SUMMARY: Overexpression of metastasis-associated lung adenocarcinoma transcript 1 (MALAT1) in various tumor tissues and cell lines was found to promote tumor cell proliferation, migration, and invasion. However, the role of MALAT1 in gastric cancer (GC) is still unclear. We aimed to investigate the correlation between long-chain non-coding RNAs (lncRNAs), MALAT1, MicroRNAs (miRNA) and vascular endothelial growth factor A (VEGFA) in gastric cancer and to disclose underlying mechanism. The correlation between MALAT1 levels and clinical features was analyzed by bioinformatics data and human samples. The expression of MALAT1 was down regulated in AGS cells to detect the cell proliferation, migration, and invasion characteristics, as well as the effects on signal pathways. Furthermore, we validated the role of MALAT1/miR-330-3p axis in GC by dual luciferase reporter gene assays. Expression of MALAT1 was higher in cancer tissues than in para-cancerous tissues. The high MALAT1 level predicted malignancy and worse prognosis. Down-regulation of MALAT1 expression in AGS cells inhibited cell proliferation, migration, and invasion by targeting VEGFA. By dual luciferase reporter gene assay and miR-330-3p inhibitor treatment, we demonstrate that MALAT1 sponged miR-330-3p in GC, leading to VEGFA upregulation and activation of the mTOR signaling pathway. The MALAT1/miR-330-3p axis regulates VEGFA through the mTOR signaling pathway and promotes the growth and metastasis of gastric cancer.

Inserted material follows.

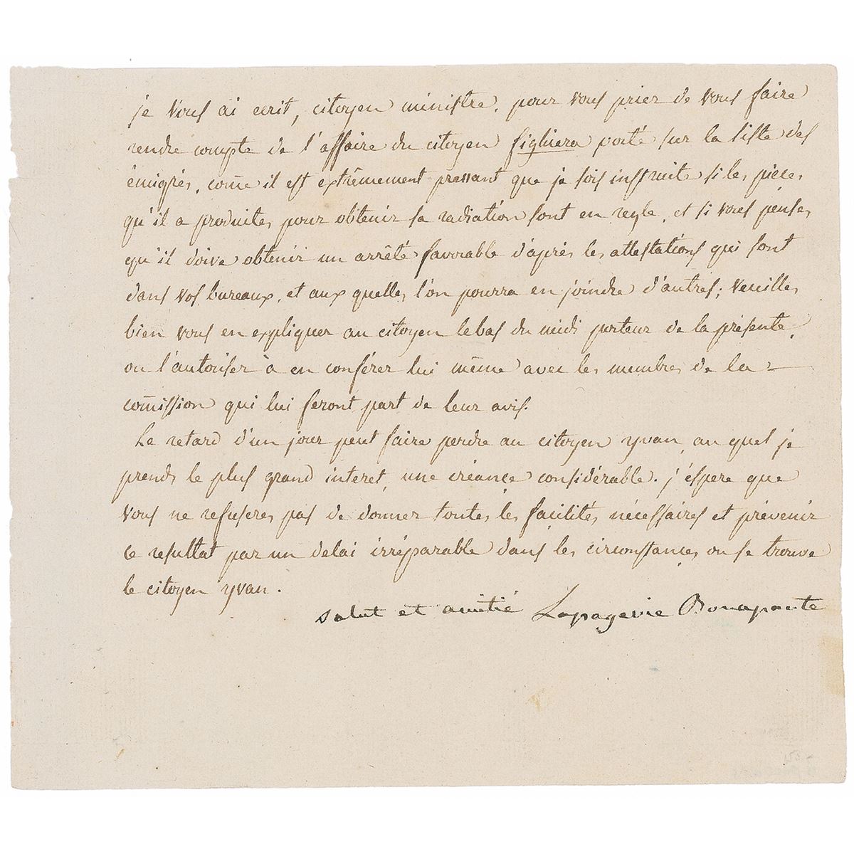 LS in French, signed “Lapagerie Bonaparte,” one page, 7.5 x 6.5, no date. In part (translated): “I have written to you, Minister, to ask you to do everything possible to resolve the question of citizen Figliera, who has been included in the list of the émigrés. It is extremely pressing that I learn if the document that he has shown to obtain his exit from the list is regular. It is important that he obtains a favorable decision, based on the attestations that have been in your office and to which others can be joined...The delay of just one day may cause a great loss to citizen Yvan, on whom I have the greatest interest, and he will lose a considerable sum. I hope you will not refuse to give me all the facilities necessary and to avoid the terrible results that a delay would cause and the circumstances which citizen Yvan is in now.” In fine condition, with a few pinholes to lower left and a couple trivial chips and stains to edges. The “list of émigrés” referred to in this letter held the names of noblemen who had fled France during the Revolution. From afar, many plotted against the Revolutionary government and attempted to build foreign support for their cause. In response, the government took severe actions against them: any émigré who did not return by 1792 would lose his property to the state, and would also find himself liable to death as a traitor. According to the Josephine, citizen Figliera was wrongly added to this list. An excellent letter, attempting to safeguard the funds and property of a citizen for whom she held “the greatest interest.”
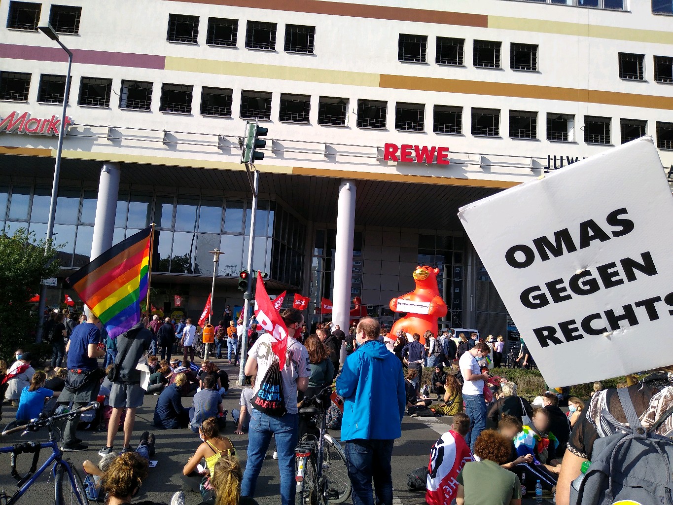 Foto: Florian Boillot/ Berlin gegen NazisFoto: Berlin gegen NazisFoto: Berlin gegen NaziFoto: Berlin gegen NaziGegenprotest mit eine Kundgebung von Berlin Gegen Nazis am Linden Center: Omas gegen Rechts und Bärin Etwas 250 Neonazis protestieren mit einem Aufmarsch des rechtsextremistischen Kleinpartei III. Weg durch Berlin-Hohenschönhausen ab den S-Bahnhof Wartenberg. Trotz stark Polizeipräsenz musste die Route der Demonstration der Nationalsozialisten gekürzt werden, wegen starken Proteste der Zivilgesellschaft und Blockade der Antifa.Das Berliner Bündnis gegen Rechts und ein Bündnis um die Berliner Vereinigung der Verfolgten des Nazisregimes - Bund der Antifaschistinnen VVN/BdA positionierten sich mit weiteren Kundgebungen direkt an der geplanten Aufmarschroute der Neonazis im Ostsee-Viertel, die von vielen Teilnehmenden an den Gegenprotesten angesteuert wurden. Ein großer Teil dieser Menschen entschloss sich spontan auf der Aufmarschroute zu protestieren. Nach stundenlanger Wartezeit konnten die Neonazis daher nur 500m auf der geplanten Route marschieren. Nach weiterem langem Warten, liefen wenigen hundert Rechtsextremen schlussendlich über eine kurze Ausweichstrecke und abgelegene Parkstraßen zurück zum Ausgangspunkt am S-Bahnhof Wartenberg.

Se descubrió que la sobreexpresión del transcrito 1 de adenocarcinoma de pulmón asociado a metástasis (MALAT1) en varios tejidos tumorales y líneas celulares promueve la proliferación, migración e invasión de células tumorales. Sin embargo, el papel de MALAT1 en el cáncer gástrico (CG) aún no está claro. Nuestro objetivo fue investigar la correlación entre los ARN no codificantes de cadena larga (lncRNA), MALAT1, los microARN (miARN) y el factor de crecimiento endotelial vascular A (VEGFA) en el cáncer gástrico y revelar el mecanismo subyacente. La correlación entre los niveles de MALAT1 y las características clínicas se analizó mediante datos bioinformáticos y muestras humanas. La expresión de MALAT1 se reguló negativamente en las células AGS para detectar las características de proliferación, migración e invasión celular, así como los efectos sobre las vías de señales. Además, validamos el papel del eje MALAT1/miR- 330-3p en GC mediante ensayos de genes indicadores de luciferasa dual. La expresión de MALAT1 fue mayor en tejidos cancerosos que en tejidos paracancerosos. El alto nivel de MALAT1 predijo malignidad y peor pronóstico. La regulación negativa de la expresión de MALAT1 en células AGS inhibió la proliferación, migración e invasión celular al apuntar a VEGFA. Mediante un ensayo de gen indicador de luciferasa dual y un tratamiento con inhibidor de miR-330-3p, demostramos que MALAT1 esponjaba miR-330-3p en GC, lo que lleva a la regulación positiva de VEGFA y la activación de la vía de señalización mTOR. El eje MALAT1/miR-330-3p regula VEGFA a través de la vía de señalización mTOR y promueve el crecimiento y la metástasis del cáncer gástrico.